To be able to use auto scaling and immutable infrastructure, the application must be stateless. This means that all requests must be handled independently of earlier requests or sessions and no information may be stored on local disks or in memory. Sharing state within an auto scaling group can only be done using an in-memory object caching system like Memcached or a similar product.
Avoiding cascading failures
In Hornby’s experience a common cause of outages is cascading failures where a sometimes small, local failure through different types of dependencies takes down an entire system.
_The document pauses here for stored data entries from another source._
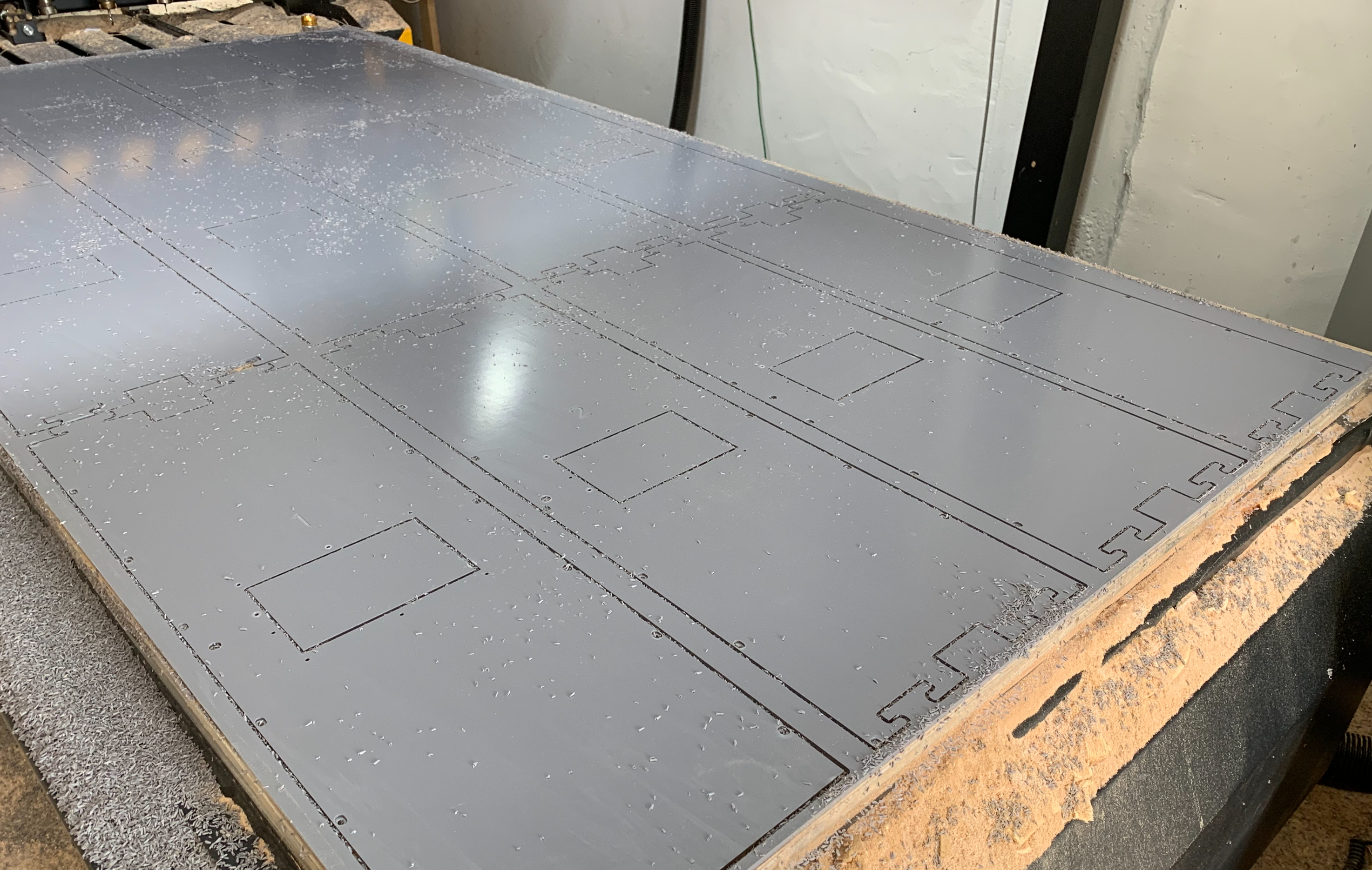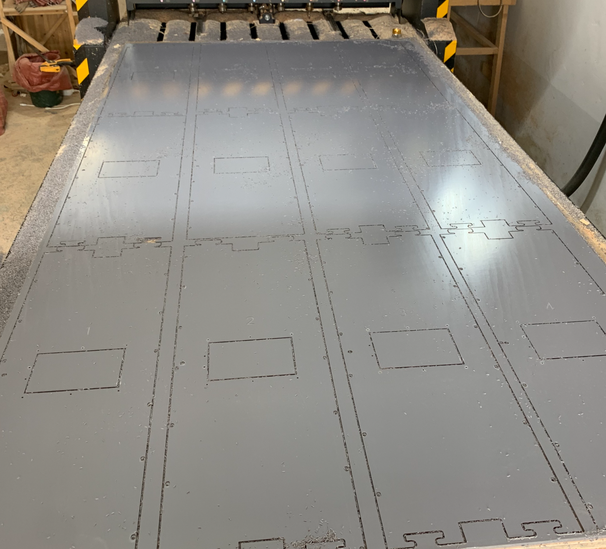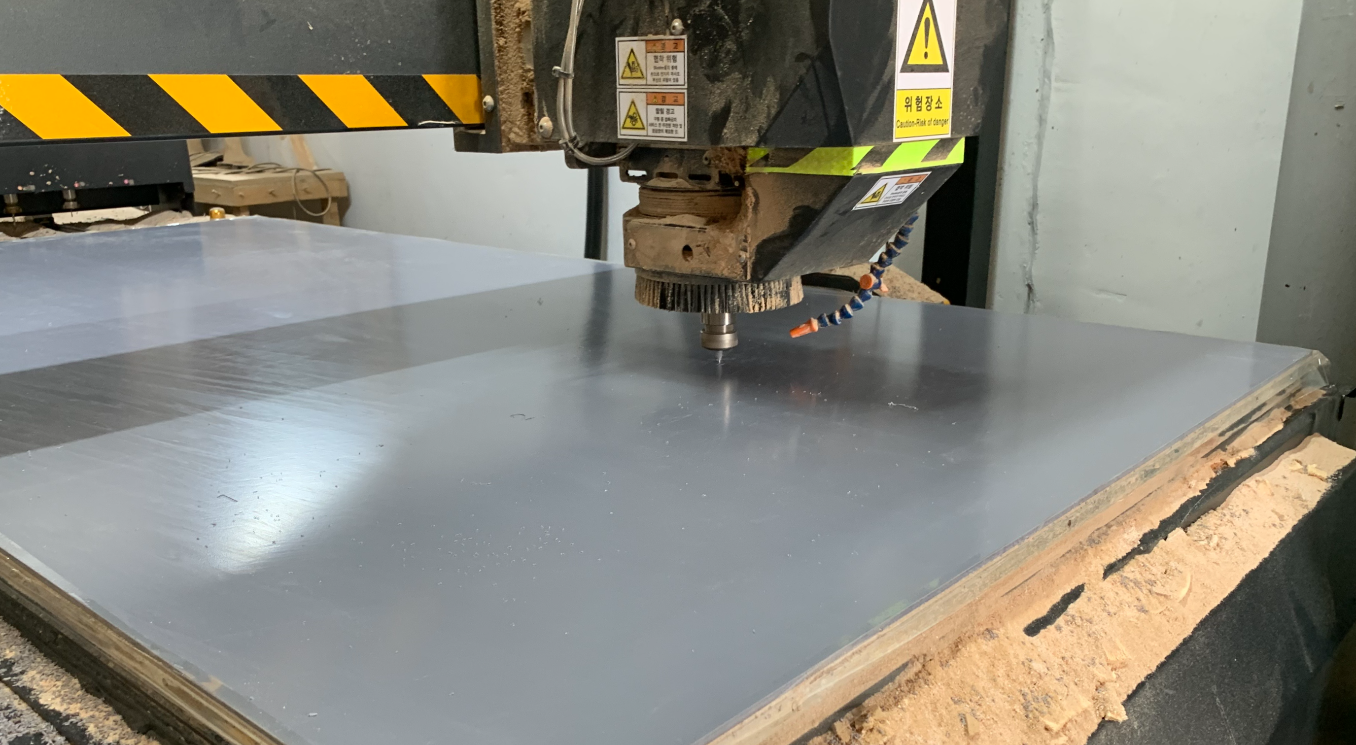 PVC 판넬 1200*2400 사이즈의 큰 사이즈를 사용하여 cnc 가공을 한 모습입니다.
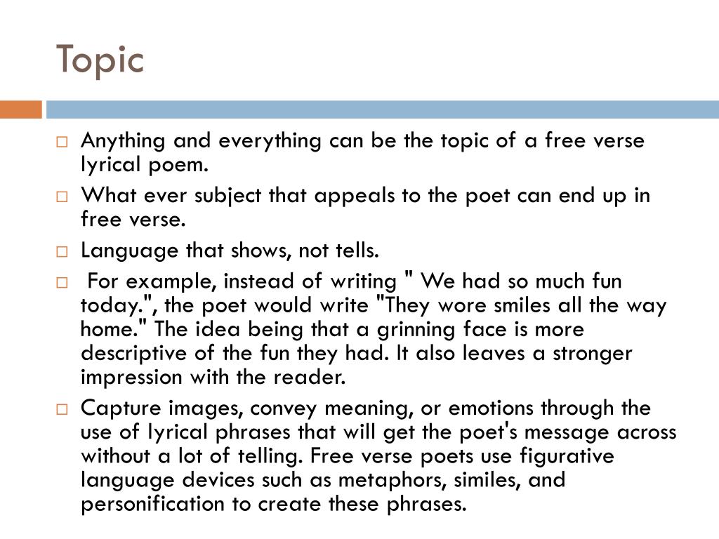 Topic • Anything and everything can be the topic of a free verse lyrical poem. • What ever subject that appeals to the poet can end up in free verse. • Language that shows, not tells. • For example, instead of writing " We had so much fun today.", the poet would write "They wore smiles all the way home." The idea being that a grinning face is more descriptive of the fun they had. It also leaves a stronger impression with the reader. • Capture images, convey meaning, or emotions through the use of lyrical phrases that will get the poet's message across without a lot of telling. Free verse poets use figurative language devices such as metaphors, similes, and personification to create these phrases.
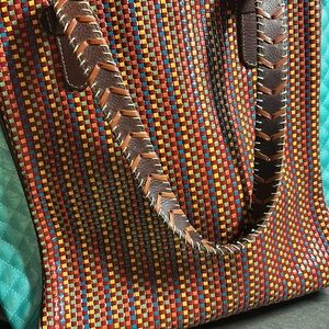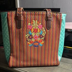 Raw and natural, Consuela's Rainy top-zip shopper combines a rainbow colored woven material and multicolor floral embroidery with iridescent Laguna quilt side panels. Topped with western-inspired soft, brown leather handles with twine stitching, this little lady is lined in Consuela's Big Kitty ConsuelaClotho b print. This compact tote style still offers plenty of room inside where youo bll find a zippered pocket and contrasting Black Dot print slide pocketo bperfect to stash your cell phone and keys.

One common example is overload, for instance when one cluster goes down and all its traffic moves to another cluster. To avoid these kinds of failures he recommends a few patterns, including:
- Timeouts. A database slowing down but with the same amount of incoming traffic may quickly make a system fail. Timing out faster may mean the service is degraded instead of failing.
- Idempotent operations. Due to transient errors, clients may send the same request multiple times and this can cause failures. To avoid his, Hornsby favours the use of idempotent requests – requests that can be handled repeatedly without problems.
- Service degradation and fall-backs. One option when dealing with a high load is to offer a variant of a service that is less demanding. One example is to return generic lists of information instead of a personalised list.
- Rejection. The final act of self-defence is to start dropping requests, preferably less important ones first.
Hornsby wraps up by noting that when dealing with large-scale distributed systems in the cloud, intermittent errors are the norm. Knowing how to react on these errors can be difficult, but he recommends collecting statistics and from that create thresholds for when to deal with the errors. Lastly, he emphasizes the importance of automation. To get resilient and reliable applications with well-tested deployments and fast spin-up times, you must automate as much as possible.